Kai's Song Notes: Amanita is the name of some very toxic things. If the "flowers" are poisonous mushrooms, that's grim on a few levels. Mushrooms covering everything suggests rot, or I could read that line as bright colors (that conceal poison) covering up the truth. That verse about looking into the sun supports that, maybe. Go blind. Don't look under the bright, deadly blanket. Themes: Concealment, illusion, denial, blindness, death.

The connection: The people who attract Sophia appear accepting but are not, and there's your illusion and concealment. The most straightforward link is to the lyrics "There's something here I find hard to ignore / There's something that I've never seen before" as they describe Sophia's feeling about the signers.

The outsider: Sophia can't be part of the hearing world. She tries to integrate into the Deaf world. She's still locked out of both at the end, but she finds a moment of peace with that and has someone to hold her hand.

The trouble is that Sophia's outsider status stands on unsteady ground. Why can't she sign? Given her fascination with the language, why hasn't she learned before this? I reckon you went this route in order to set up the conflict between her outlook on the hearing world and the outlook adopted by your subset of Deaf culture, namely that she doesn't view people who aren't deaf as dumb or share their distaste for social interaction with anyone who isn't Deaf. The contrast is fine, but the situation is forced, a problem that could be resolved by rewriting Sophia as a woman who lost her hearing as an adult. Her alienation from each world would make perfect sense in those circumstances.
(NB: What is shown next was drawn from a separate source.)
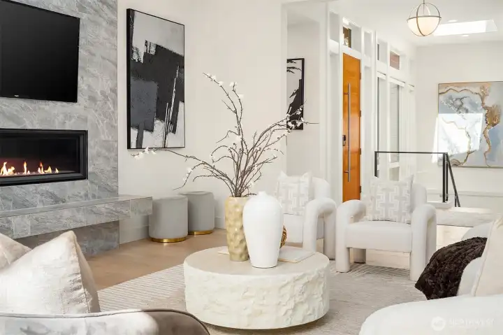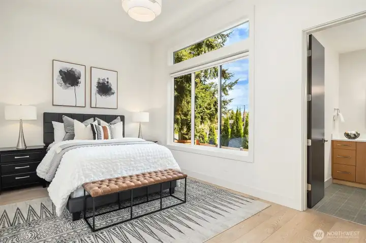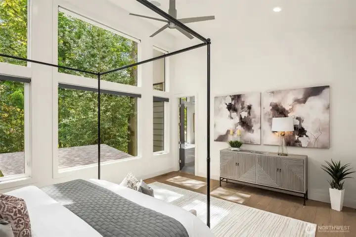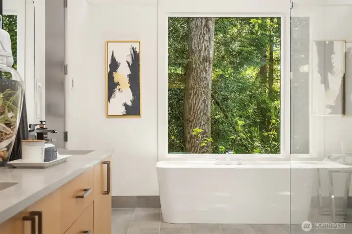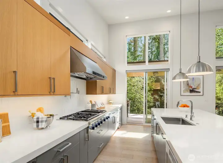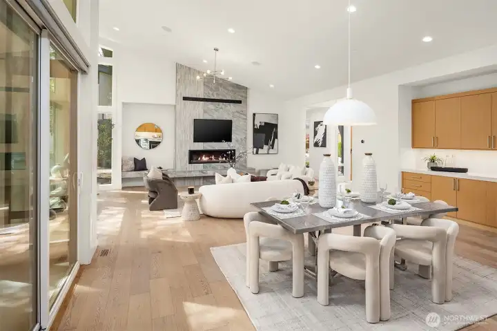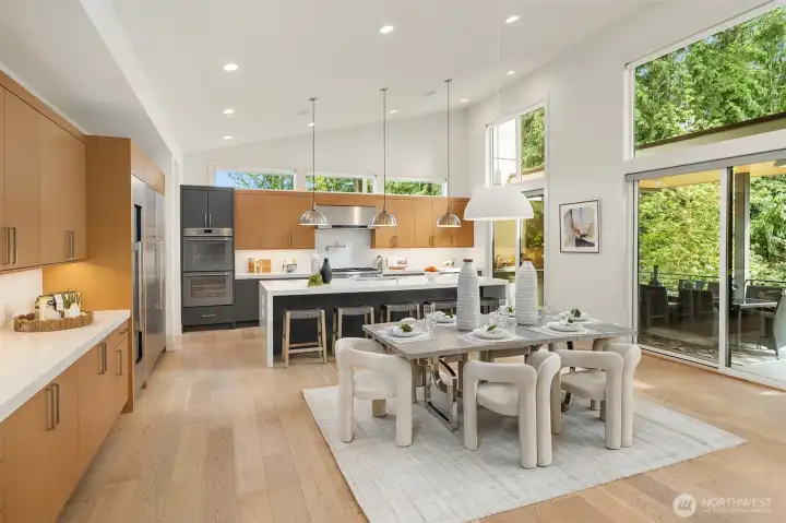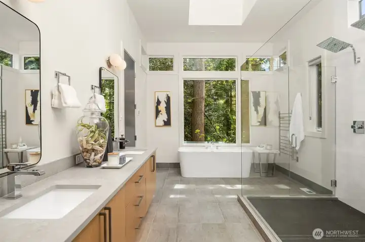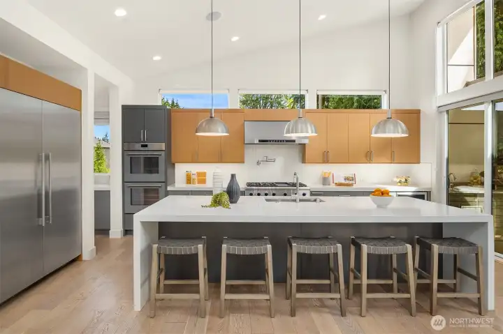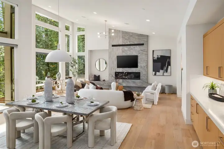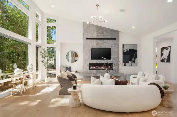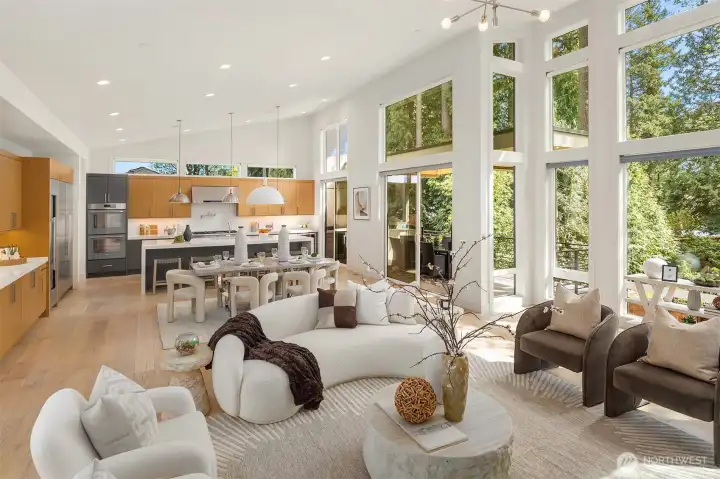 Architecturally stunning, this Kirkland Highlands home was designed around the elements of privacy, space, and tranquility. It's a perfect blend of luxury and comfort. Spectacular ceiling heights and expansive glass walls welcome in the natural light. Designed for entertaining, the kitchen is a chef’s dream, plus an outdoor covered kitchen allows for al fresco dining. Enjoy the versatility of the main level, featuring both a primary and secondary bedroom, complete with luxurious en-suite bathrooms, an office, laundry, and a mud room leading to the finished 3-car garage. The lower level boasts a bonus room, second laundry, and three additional bedrooms with ensuite baths, plus large unfinished space with endless possibilities. The finished garage is perfect for a workshop. Endless storage means you have space for absolutely anything. Don’t miss this rare opportunity to own a truly remarkable property in the heart of Kirkland.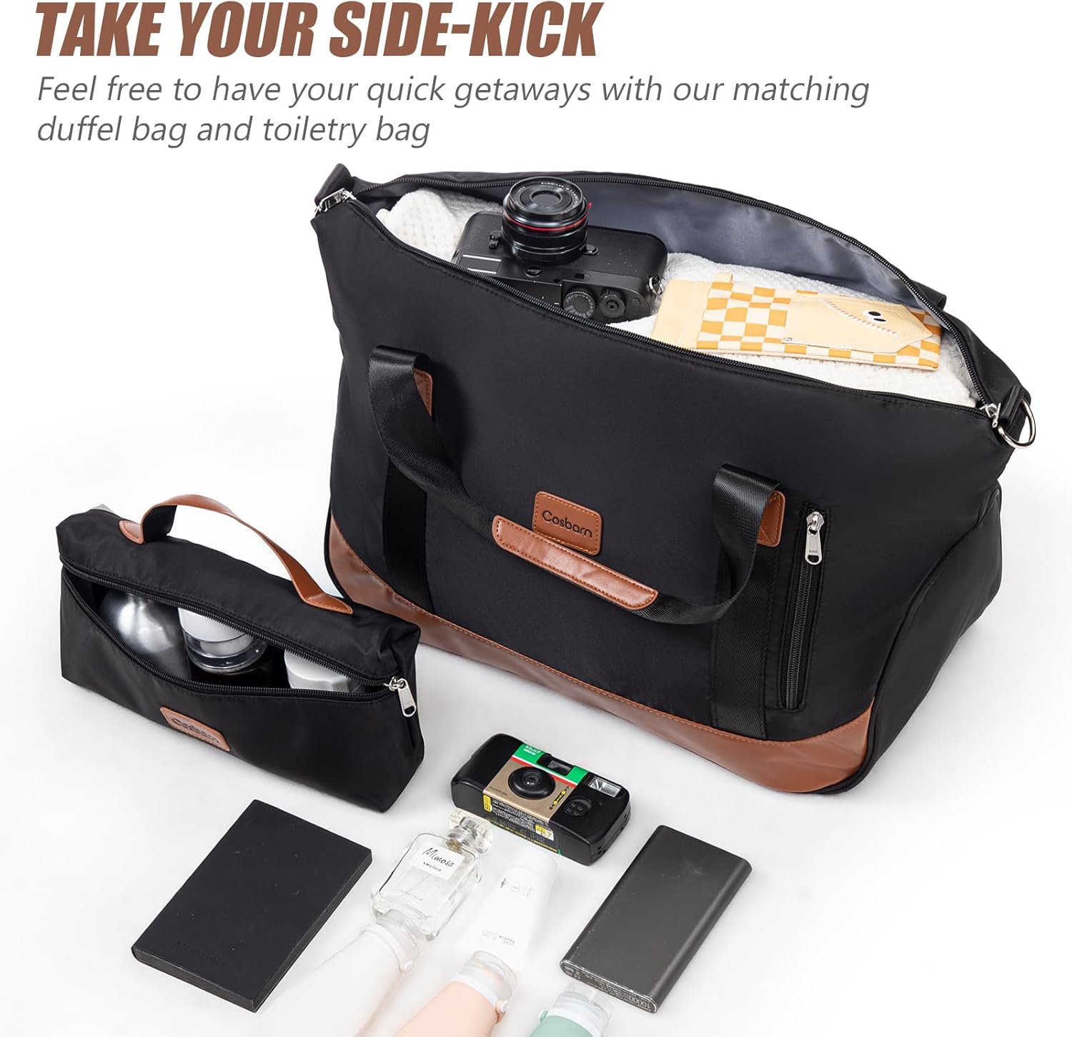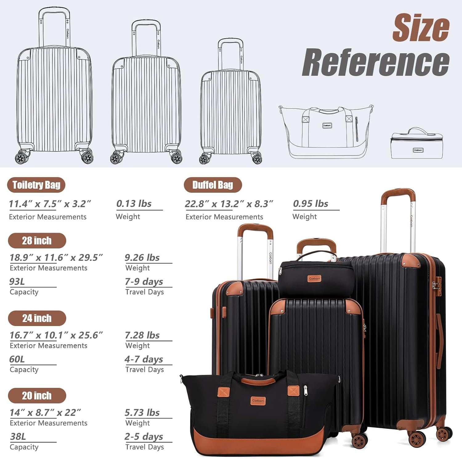【5 Piece Luggage Set】Luggage sets include a 28-inch large suitcase, 24-inch medium checked luggage, 20-inch carry on luggage, an extended duffel bag, and a toiletry bag. Both the duffel bag and toiletry bag are made from mild, water-resistant polyester fabric. The duffel bag features a back sleeve so you can conveniently attach it to the retractable luggage handle. It is equipped with multiple functional pockets to meet different travel needs.

Jonathan's return to Sophia muddles the ending, because as far as I know he still thinks hearing people are inferior and wouldn't want anything to do with Sophia if she weren't deaf. And what about this K figure? The conclusion would be stronger, if bittersweet, if the final sentence weren't there. Alternatively, Jonathan could shift away from his group, toward her, while she was trying to shift toward him, making it feel right for them to meet in the middle.

***********

anime was right, "Ain't No Girl Like Me"
Song: "The Wrong Child"

Kai's Song Notes: The droning music doesn't match the lyrics about laughing, playing children. It's wrong. Probably on purpose. The singer is a sick child, I figure, with cancer or something that leaves him housebound, and this song hits the prompt so square on the nose that it's a total softball assignment.

The connection: The nameless protagonist (when did that become the fashion in Thunderdome and whom do I have to set on fire to make it stop?) is a child who may not think, herself, that she's "not supposed to be like this," but Zach certainly does. He and his flunkies look and laugh. My favorite link is between Nameless's struggle to know what to say to Annie and the five questions in the bridge.

The outsider: Nameless, a gay teenager surrounded by kids who beat her up, is an outsider, but you'd have a hard time convincing me she wants to become an insider with Zach & Co. Her suggestion that she sing in their band doesn't sound remotely sincere. She wants to bond with Annie, but can you be an insider with one other person?

Some clumsy mechanics, but nothing that bad until "I’d bury my face into my pillow and cried until it was damp." Then "'Where’s yours? Noise pollution is a fineable offense', I say." Oof. Why would Annie being kind to Zach make the narrator want to sing? If the idea is that sing really means scream in this instance, it would be better to use the right word.

Stories about gay kids being harassed for being gay are a Thunderdome staple, and I'm tired of the one-dimensional villains who don't show more motivation for what they do. For even a stereotypical bigot of a teenager to beat up a girl, a neighbor girl, demands more explanation than "she's gay." I'd buy it a little more readily if Nameless were a guy, but it would still be a better story if Zach weren't made out of cardboard. Bigots are humans with reasoning of their own. They feel more real and more awful when they're written that way.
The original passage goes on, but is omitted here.